* **Work task**
Please restate the data that follows word for word, with the pictures left out.

* **Dataset extract**
- Opening Delimiter -

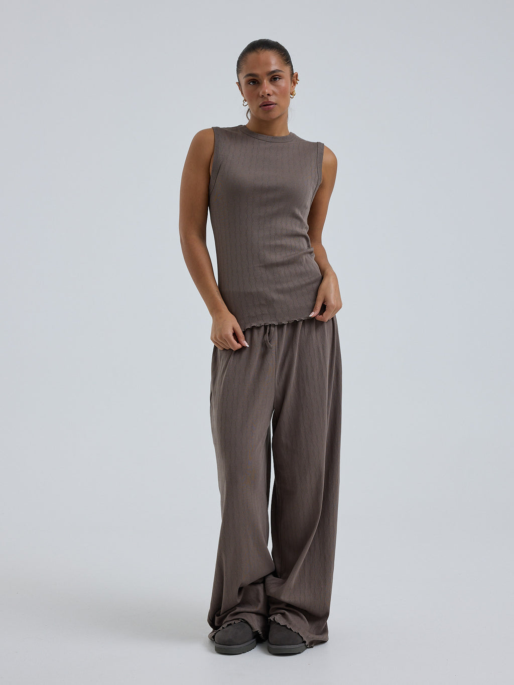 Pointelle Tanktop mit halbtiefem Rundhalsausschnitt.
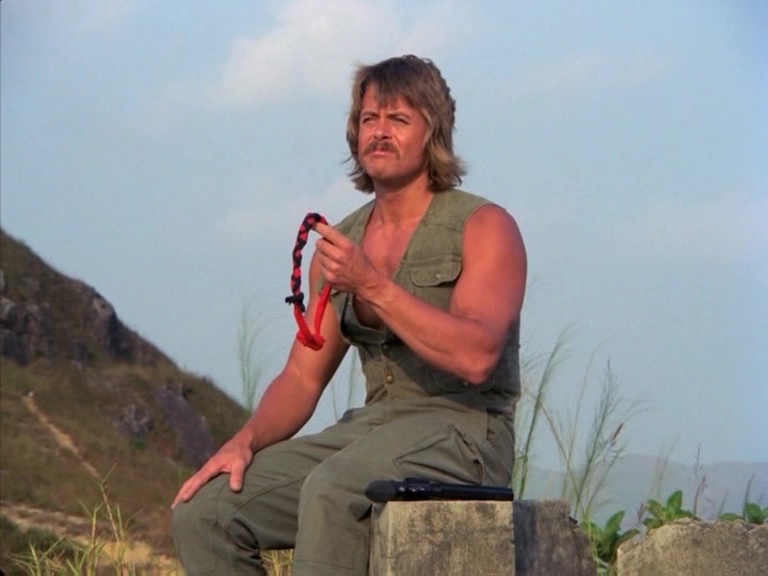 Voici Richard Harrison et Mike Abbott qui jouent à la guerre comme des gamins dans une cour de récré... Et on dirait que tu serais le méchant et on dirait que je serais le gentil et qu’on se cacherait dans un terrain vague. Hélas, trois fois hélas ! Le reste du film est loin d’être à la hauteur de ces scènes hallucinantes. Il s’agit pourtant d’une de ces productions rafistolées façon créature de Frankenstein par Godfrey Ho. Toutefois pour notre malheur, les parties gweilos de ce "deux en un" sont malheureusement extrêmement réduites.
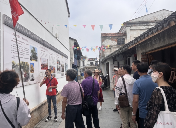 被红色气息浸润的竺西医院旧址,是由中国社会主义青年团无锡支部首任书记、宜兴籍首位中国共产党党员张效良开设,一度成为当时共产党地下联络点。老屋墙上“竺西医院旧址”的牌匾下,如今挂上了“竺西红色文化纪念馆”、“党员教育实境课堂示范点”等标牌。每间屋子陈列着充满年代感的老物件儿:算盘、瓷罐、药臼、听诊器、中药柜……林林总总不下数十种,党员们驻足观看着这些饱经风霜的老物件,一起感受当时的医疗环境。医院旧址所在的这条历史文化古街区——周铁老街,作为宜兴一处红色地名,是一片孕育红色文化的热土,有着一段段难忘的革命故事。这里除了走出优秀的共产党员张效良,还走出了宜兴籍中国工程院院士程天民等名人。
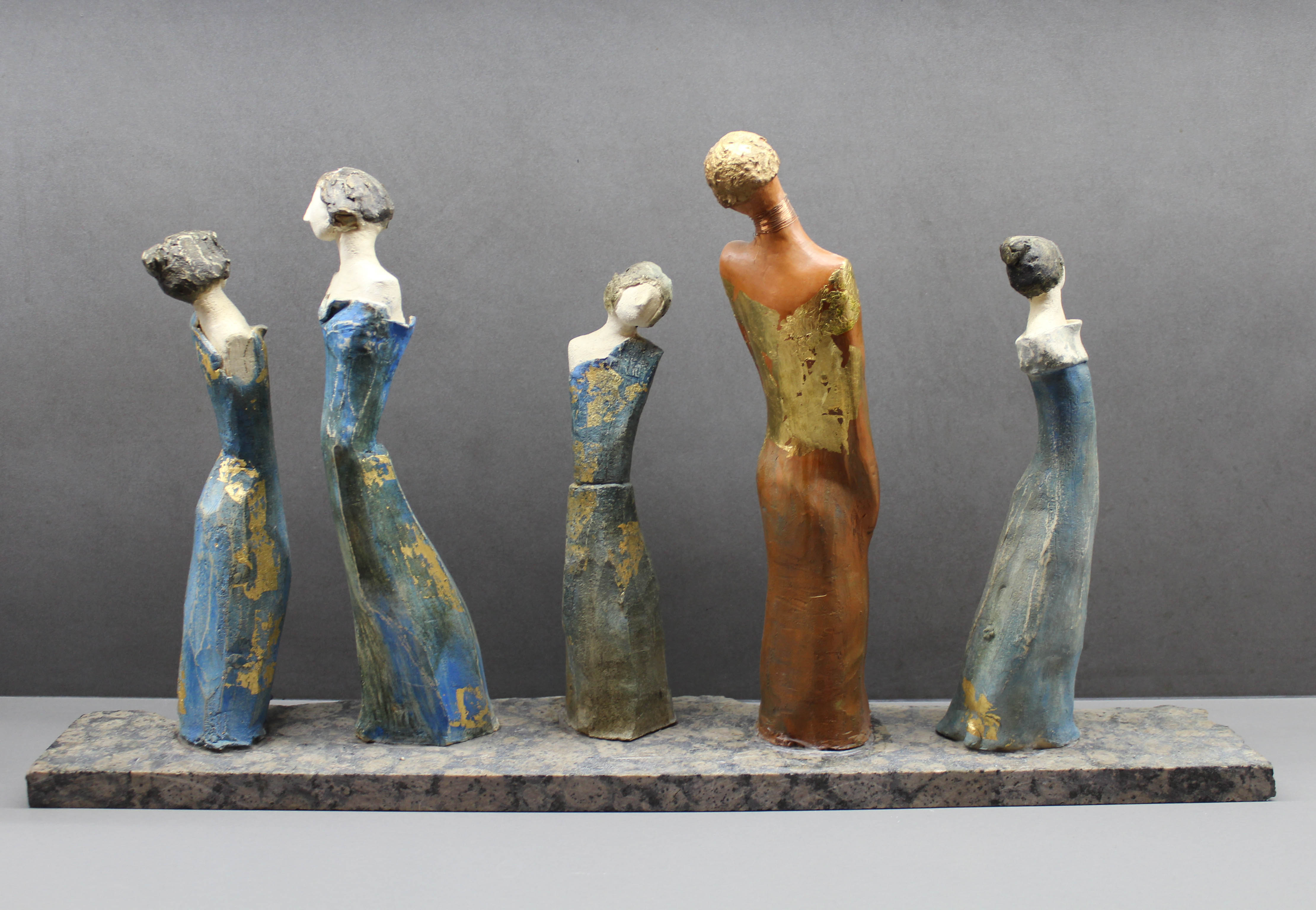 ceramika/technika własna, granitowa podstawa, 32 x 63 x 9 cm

- Closing Delimiter -

* **Solved problem**
 Pointelle Tanktop mit halbtiefem Rundhalsausschnitt.
 Voici Richard Harrison et Mike Abbott qui jouent à la guerre comme des gamins dans une cour de récré... Et on dirait que tu serais le méchant et on dirait que je serais le gentil et qu’on se cacherait dans un terrain vague. Hélas, trois fois hélas ! Le reste du film est loin d’être à la hauteur de ces scènes hallucinantes. Il s’agit pourtant d’une de ces productions rafistolées façon créature de Frankenstein par Godfrey Ho. Toutefois pour notre malheur, les parties gweilos de ce "deux en un" sont malheureusement extrêmement réduites.
 被红色气息浸润的竺西医院旧址,是由中国社会主义青年团无锡支部首任书记、宜兴籍首位中国共产党党员张效良开设,一度成为当时共产党地下联络点。老屋墙上“竺西医院旧址”的牌匾下,如今挂上了“竺西红色文化纪念馆”、“党员教育实境课堂示范点”等标牌。每间屋子陈列着充满年代感的老物件儿:算盘、瓷罐、药臼、听诊器、中药柜……林林总总不下数十种,党员们驻足观看着这些饱经风霜的老物件,一起感受当时的医疗环境。医院旧址所在的这条历史文化古街区——周铁老街,作为宜兴一处红色地名,是一片孕育红色文化的热土,有着一段段难忘的革命故事。这里除了走出优秀的共产党员张效良,还走出了宜兴籍中国工程院院士程天民等名人。
 ceramika/technika własna, granitowa podstawa, 32 x 63 x 9 cm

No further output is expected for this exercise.